I learned to read when I was five. I was a talented kid. I don’t know when and where all that talent got left behind, but somehow, at 36 I have found myself in a place where I need to learn to read again.
I’ve always loved reading. One of my most memorable weekends from my childhood was one spent in bed with a stack of books next to me. I tried to eat and drink as little as possible so I didn’t need to go to the bathroom that often. So I could just read and explore the worlds someone else had written for me. I remember the pure joy I felt when I put down a book after finishing it, and then delved into the next one.
Somehow in these 30 years of reading, I have lost the ability to read. I can spend hours browsing social media, but I can’t read a page of a book without losing focus. It has been painful. I’ve felt loneliness that doesn’t come from being alone, but from the lack of a place to escape. I have lived a lot smaller since I lost the other worlds I used to spend time in. Of course there is the added layer of constant guilt and feeling of unworthiness when I look at other people going to their book groups and posting about books they’ve read. A lot of my issues with reading have coincidentally started around the time social media showed up on my life. But I will look into that in some other text.
Recently I decided that I want to learn to read again. I spoke with my close friend, assistant and extension to my brain, ChatGPT, about why I can’t read and how I can overcome it, and it gave me this advice: “Start tiny. Comically tiny. Choose one stable spot to sit.”
So I chose a book I’ve read before. I Wish Someone Were Waiting for Me Somewhere by Anna Gavalda (in Finnish). I didn’t overthink it, I just chose what caught my eye in the moment. Then I just started to read. I decided to stop kicking myself when I’m down, and set an easy goal. One sentence. I read that sentence. Then another. First night I read a few pages. Kept reading a little every night. Some nights I read a sentence, some nights a paragraph. One night I read two whole chapters.
This morning I finished the book.

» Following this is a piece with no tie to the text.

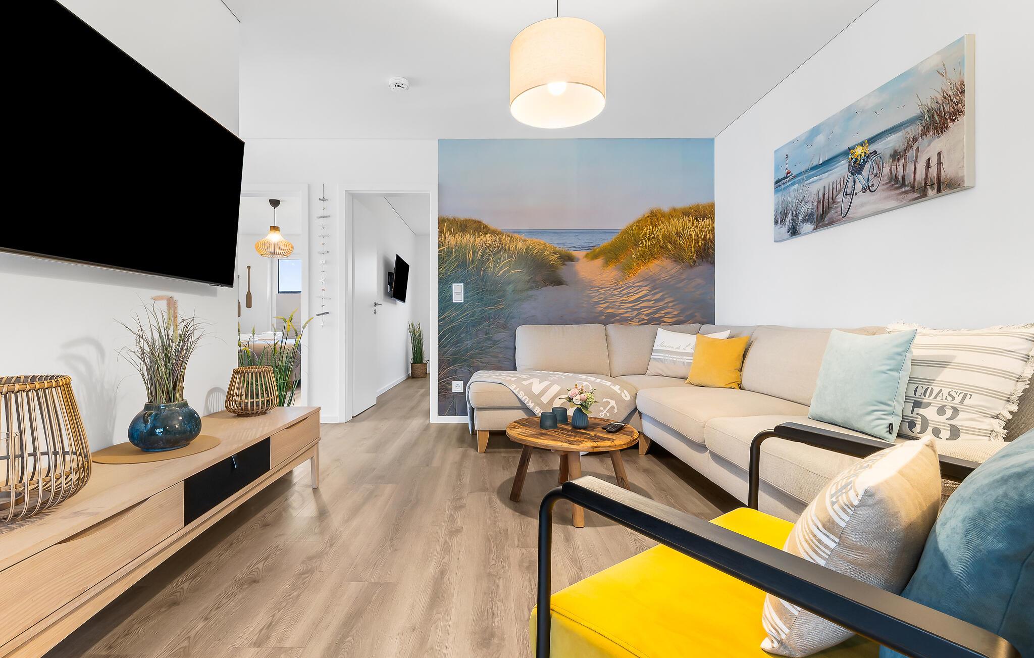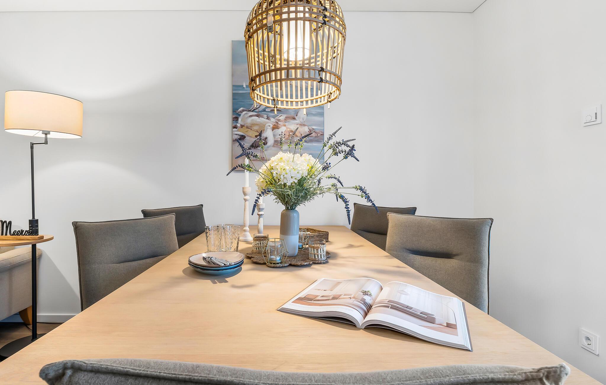 Strandhuus er et sted for avslapping og moderne nytelse. Gå inn i denne unike leiligheten og la deg fortrylle av det kjærlig møblerte interiøret. Stue- og spisestuen ønsker deg velkommen med en koselig atmosfære og møbler i ekte tre av høy kvalitet. Midt i rommet er det en romslig sofagruppe som inviterer deg til å slappe av mens du nyter favorittprogrammene dine på Smart-TV-en. På mer nordiske dager sørger peisen for koselige timer.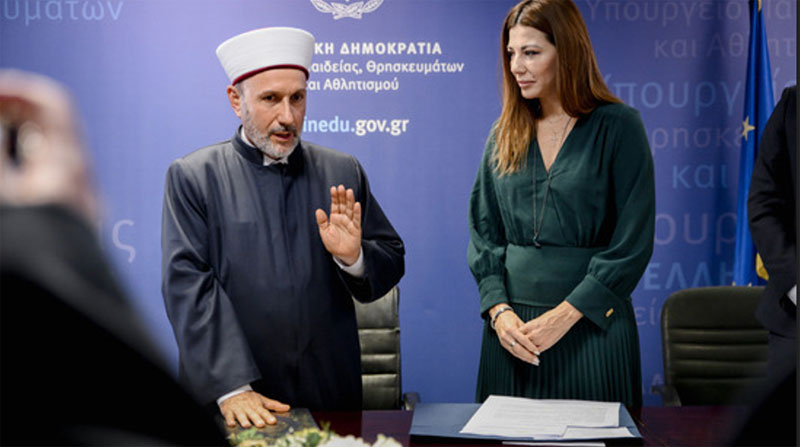 Πραγματοποιήθηκε σήμερα, Παρασκευή 9 Ιανουαρίου 2026, στο Υπουργείο Παιδείας, Θρησκευμάτων και Αθλητισμού, η τελετή ορκωμοσίας του νέου Μουφτή Διδυμοτείχου, κ. Εμίν Σερίφ, ενώπιον της Υπουργού Παιδείας, Θρησκευμάτων και Αθλητισμού, Σοφίας Ζαχαράκη. Η επιλογή και η ορκωμοσία του νέου Μουφτή, σηματοδοτεί την για πρώτη φορά ολοκληρωμένη εφαρμογή του σύγχρονου θεσμικού πλαισίου για τον θεσμό της Μουφτείας σύμφωνα με νόμο 4964/2022 (Α’ 150).

Last time I finished a book was in 2017. I guess I can safely say I have learned to read again.
Reading is a pleasure. It’s happiness and escapism. It’s a way to explore worlds that I’ll never be able to visit, and it’s a way to get to know people I’ll never meet. It’s a way to awaken my creativity and go to places I wouldn’t have encountered without books.
So why have I tainted it with guilt, punishment and discipline? When I started letting go of the expectations that I should be able to read a whole book in one sitting, I stopped failing. One sentence is enough. One word is enough.
Reading one sentence is more than not reading at all. It’s more fun than not reading at all. And suddenly I stopped making it into a way of punishing myself. Reading and concentration are skills I can practice, and my only job is to read. One sentence, one page, one book. Just read. Don’t overthink it.
Turns out, my brain feels a lot better about reading when I don’t assume I am going to fail. And when I give myself the satisfaction to read. And if my mind wanders? Then I put the book away and write my thoughts. That’s how and when the first draft of this blog post got written.